By the time we get to Daniel Craig there’s a painfully earnest effort made to insist that the Bond girls are now fully rounded independent women because they get to kickbox and have two lines of dialogue before falling into bed with Bond. ‘Casino Royale’ kicked off a modern reboot of the franchise set in a recognisable world, with the Daniel Craig films going for a different kind of tough glamour; rainy London night streets, dirty fighting, steely glances, women who don’t parade around in bikinis.
However, the last offering ‘Spectre’ offers the worst example in many years of the old shag-and-kill plots, paying lip-service to a post Me-Too world while completely ignoring it. In this one, Bond beds the daughter of a dead informant, and it’s many-levels wrong. Of course it’s escapist nonsense and we know this, but it feels as if a line has been drawn between our old and new societies that can no longer be crossed.
The most ridiculous part of this is the fact that the press seized upon Phoebe Waller-Bridge being brought in as a writer to signal that times have changed. The series – for many years a Hollywood creation in all but name – has regular American scriptwriters who use a UK writer to anglicise the final script. Last time the playwright Jez Butterworth lent his name to the wash-and-brush-up job.
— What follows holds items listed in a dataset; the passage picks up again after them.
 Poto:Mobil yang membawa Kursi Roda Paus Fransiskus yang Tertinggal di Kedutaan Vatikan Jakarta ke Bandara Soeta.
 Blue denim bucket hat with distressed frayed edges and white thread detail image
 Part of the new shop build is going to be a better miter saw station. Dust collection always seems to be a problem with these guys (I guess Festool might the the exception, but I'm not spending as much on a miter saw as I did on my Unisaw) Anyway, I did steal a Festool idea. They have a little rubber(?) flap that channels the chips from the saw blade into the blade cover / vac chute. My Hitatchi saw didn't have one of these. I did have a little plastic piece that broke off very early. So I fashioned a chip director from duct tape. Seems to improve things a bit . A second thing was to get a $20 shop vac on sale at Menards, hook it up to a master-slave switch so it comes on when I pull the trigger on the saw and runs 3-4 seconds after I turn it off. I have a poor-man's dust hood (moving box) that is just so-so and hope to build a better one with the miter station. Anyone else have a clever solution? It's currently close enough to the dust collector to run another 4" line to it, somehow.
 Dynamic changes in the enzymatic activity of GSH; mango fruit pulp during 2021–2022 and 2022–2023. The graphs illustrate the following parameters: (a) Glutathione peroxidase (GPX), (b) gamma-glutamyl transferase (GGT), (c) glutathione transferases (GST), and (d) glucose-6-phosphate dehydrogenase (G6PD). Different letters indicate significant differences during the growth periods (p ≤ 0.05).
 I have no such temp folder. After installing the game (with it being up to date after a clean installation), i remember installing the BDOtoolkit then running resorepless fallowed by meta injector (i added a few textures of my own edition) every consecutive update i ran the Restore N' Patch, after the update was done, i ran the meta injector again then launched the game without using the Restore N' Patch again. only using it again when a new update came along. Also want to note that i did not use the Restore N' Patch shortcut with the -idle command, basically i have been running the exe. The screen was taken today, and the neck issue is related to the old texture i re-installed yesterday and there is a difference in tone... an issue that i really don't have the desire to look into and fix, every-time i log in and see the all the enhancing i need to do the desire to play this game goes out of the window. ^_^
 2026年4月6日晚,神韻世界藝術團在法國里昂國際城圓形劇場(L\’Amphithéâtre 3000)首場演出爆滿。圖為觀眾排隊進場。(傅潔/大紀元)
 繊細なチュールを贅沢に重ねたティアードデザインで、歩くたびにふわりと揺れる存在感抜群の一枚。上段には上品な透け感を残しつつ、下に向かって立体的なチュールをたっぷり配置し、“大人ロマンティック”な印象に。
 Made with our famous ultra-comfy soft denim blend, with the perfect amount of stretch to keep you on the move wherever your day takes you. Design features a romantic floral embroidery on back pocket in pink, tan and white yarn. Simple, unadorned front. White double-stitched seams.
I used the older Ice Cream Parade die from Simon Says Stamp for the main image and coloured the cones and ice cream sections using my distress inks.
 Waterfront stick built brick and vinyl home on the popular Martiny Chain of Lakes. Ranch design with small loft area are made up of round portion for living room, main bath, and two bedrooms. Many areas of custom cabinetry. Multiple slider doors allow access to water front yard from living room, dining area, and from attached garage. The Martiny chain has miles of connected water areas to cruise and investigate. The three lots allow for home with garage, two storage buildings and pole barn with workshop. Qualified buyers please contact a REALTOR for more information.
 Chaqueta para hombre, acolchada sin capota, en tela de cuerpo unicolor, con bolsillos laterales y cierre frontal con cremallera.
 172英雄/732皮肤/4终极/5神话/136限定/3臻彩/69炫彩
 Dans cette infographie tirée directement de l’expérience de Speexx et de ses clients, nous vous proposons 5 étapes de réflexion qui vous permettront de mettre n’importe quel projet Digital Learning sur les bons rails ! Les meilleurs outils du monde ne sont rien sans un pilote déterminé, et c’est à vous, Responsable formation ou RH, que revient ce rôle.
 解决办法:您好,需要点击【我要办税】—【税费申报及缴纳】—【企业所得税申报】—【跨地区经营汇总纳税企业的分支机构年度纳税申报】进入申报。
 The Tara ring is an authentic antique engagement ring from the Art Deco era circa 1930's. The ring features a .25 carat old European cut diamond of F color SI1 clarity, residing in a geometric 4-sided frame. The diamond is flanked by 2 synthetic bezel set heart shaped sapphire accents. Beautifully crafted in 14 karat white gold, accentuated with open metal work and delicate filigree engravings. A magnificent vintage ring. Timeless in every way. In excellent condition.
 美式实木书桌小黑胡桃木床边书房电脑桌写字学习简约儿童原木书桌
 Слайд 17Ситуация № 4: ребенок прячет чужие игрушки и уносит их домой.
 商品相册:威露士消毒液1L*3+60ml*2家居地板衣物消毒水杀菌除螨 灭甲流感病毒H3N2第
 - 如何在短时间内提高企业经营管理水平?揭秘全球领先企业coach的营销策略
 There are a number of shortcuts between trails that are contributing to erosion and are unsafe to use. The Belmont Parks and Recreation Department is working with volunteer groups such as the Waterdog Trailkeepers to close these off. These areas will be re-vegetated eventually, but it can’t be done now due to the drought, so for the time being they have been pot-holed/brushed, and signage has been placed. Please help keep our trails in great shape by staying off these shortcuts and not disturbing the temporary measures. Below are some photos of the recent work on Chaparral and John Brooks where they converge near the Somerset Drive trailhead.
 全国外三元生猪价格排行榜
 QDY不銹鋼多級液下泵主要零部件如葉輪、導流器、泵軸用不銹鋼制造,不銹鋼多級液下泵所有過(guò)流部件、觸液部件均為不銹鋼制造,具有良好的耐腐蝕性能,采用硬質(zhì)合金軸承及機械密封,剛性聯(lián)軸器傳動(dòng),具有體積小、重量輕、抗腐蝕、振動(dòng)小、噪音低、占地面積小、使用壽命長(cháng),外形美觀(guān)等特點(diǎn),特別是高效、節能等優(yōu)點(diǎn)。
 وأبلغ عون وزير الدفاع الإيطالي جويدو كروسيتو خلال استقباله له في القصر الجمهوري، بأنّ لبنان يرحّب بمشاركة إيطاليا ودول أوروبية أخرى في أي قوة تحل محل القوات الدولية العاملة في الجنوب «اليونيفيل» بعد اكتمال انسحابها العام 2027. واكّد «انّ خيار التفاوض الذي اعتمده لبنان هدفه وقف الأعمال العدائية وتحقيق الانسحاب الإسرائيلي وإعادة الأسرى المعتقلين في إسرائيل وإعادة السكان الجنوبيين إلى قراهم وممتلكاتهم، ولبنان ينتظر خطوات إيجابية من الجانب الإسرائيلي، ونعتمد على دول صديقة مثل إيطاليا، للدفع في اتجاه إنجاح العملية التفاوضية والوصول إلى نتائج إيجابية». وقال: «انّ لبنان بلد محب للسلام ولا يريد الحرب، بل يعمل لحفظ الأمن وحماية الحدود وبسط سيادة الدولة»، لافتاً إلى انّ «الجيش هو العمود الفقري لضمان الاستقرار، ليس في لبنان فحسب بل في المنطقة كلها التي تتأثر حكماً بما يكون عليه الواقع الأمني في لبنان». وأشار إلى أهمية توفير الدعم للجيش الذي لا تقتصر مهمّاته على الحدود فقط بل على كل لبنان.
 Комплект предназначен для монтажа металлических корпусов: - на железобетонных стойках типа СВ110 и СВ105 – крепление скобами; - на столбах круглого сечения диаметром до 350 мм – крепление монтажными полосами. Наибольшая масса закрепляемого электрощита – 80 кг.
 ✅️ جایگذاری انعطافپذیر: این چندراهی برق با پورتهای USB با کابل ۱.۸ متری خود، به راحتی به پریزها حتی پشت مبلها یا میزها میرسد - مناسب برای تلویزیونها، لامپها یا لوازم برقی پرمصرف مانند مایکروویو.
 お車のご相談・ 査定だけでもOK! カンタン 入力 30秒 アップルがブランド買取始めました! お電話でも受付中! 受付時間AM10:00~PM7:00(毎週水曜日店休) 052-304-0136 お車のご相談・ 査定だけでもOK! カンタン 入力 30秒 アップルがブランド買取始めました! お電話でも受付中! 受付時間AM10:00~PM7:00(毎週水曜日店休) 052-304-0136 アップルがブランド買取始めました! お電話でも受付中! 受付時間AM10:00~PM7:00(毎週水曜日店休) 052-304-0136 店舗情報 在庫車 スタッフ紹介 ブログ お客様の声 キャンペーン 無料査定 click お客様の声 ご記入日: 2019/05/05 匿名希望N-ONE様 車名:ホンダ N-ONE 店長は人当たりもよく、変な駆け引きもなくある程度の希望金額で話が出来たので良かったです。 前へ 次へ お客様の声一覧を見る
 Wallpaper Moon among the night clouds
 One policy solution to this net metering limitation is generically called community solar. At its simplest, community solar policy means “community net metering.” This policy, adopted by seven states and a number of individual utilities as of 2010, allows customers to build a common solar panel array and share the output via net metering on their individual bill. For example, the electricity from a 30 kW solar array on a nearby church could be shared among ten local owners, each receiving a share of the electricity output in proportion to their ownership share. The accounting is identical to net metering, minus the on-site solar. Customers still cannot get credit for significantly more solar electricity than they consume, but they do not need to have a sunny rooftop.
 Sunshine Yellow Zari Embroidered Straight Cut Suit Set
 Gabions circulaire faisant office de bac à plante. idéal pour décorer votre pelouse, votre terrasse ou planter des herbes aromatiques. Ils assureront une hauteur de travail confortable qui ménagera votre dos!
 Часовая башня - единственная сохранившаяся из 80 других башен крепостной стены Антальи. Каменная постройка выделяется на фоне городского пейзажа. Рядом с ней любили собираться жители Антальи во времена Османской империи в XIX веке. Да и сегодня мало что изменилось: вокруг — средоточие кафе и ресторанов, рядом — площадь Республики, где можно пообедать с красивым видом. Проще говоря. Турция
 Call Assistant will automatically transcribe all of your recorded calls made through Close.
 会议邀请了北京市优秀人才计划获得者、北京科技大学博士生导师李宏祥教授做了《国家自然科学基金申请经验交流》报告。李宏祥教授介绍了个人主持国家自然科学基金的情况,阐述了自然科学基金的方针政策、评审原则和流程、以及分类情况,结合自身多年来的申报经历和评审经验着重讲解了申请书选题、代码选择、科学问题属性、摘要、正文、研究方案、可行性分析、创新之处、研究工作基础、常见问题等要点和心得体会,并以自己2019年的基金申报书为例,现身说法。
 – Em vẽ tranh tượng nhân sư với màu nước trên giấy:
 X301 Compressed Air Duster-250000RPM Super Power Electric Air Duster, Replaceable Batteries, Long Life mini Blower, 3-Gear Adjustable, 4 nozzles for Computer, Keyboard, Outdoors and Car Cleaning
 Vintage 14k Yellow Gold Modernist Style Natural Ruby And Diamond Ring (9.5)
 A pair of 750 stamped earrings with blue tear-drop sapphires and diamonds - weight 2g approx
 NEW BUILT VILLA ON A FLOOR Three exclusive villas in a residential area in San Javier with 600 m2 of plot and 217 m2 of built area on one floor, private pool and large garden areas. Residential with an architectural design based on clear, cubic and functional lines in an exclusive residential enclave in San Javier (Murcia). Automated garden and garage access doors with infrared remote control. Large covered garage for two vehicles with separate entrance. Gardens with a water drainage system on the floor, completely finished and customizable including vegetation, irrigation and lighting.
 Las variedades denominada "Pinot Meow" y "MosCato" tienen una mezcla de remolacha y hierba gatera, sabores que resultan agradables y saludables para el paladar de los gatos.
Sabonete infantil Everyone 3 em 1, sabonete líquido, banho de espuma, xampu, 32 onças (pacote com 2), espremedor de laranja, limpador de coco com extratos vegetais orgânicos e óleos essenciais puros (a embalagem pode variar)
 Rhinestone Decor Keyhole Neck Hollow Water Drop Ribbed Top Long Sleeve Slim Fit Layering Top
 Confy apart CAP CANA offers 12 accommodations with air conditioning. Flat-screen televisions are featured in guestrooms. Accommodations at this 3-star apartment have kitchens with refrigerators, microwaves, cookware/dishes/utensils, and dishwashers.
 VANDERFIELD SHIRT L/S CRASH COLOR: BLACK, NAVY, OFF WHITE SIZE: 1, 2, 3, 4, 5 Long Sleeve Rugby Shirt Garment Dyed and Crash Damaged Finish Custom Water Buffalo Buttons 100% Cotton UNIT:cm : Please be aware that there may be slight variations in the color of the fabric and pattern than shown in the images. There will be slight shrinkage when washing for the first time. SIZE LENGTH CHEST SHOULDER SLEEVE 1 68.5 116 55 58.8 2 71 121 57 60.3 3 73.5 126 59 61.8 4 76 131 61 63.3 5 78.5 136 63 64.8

Bond will continue exactly as before but with a bit of nice new Woke window-dressing, because without its core sensibility of guns and girls there is nothing left. It’s not exactly John Le Carré. We do we tolerate Bond’s behaviour? Because we’ve been given a reason for it now; he is a broken man. And because (like Ian Fleming) he’s considered to exist in a class above us.
It’s appropriate that such an English hero should play the class card; he briefly allows us safe passage into the upper echelons. Bond in a bow-tie was once exotic, back when a gold cigarette case was glamorous. Now he’s exotic because his type no longer exists.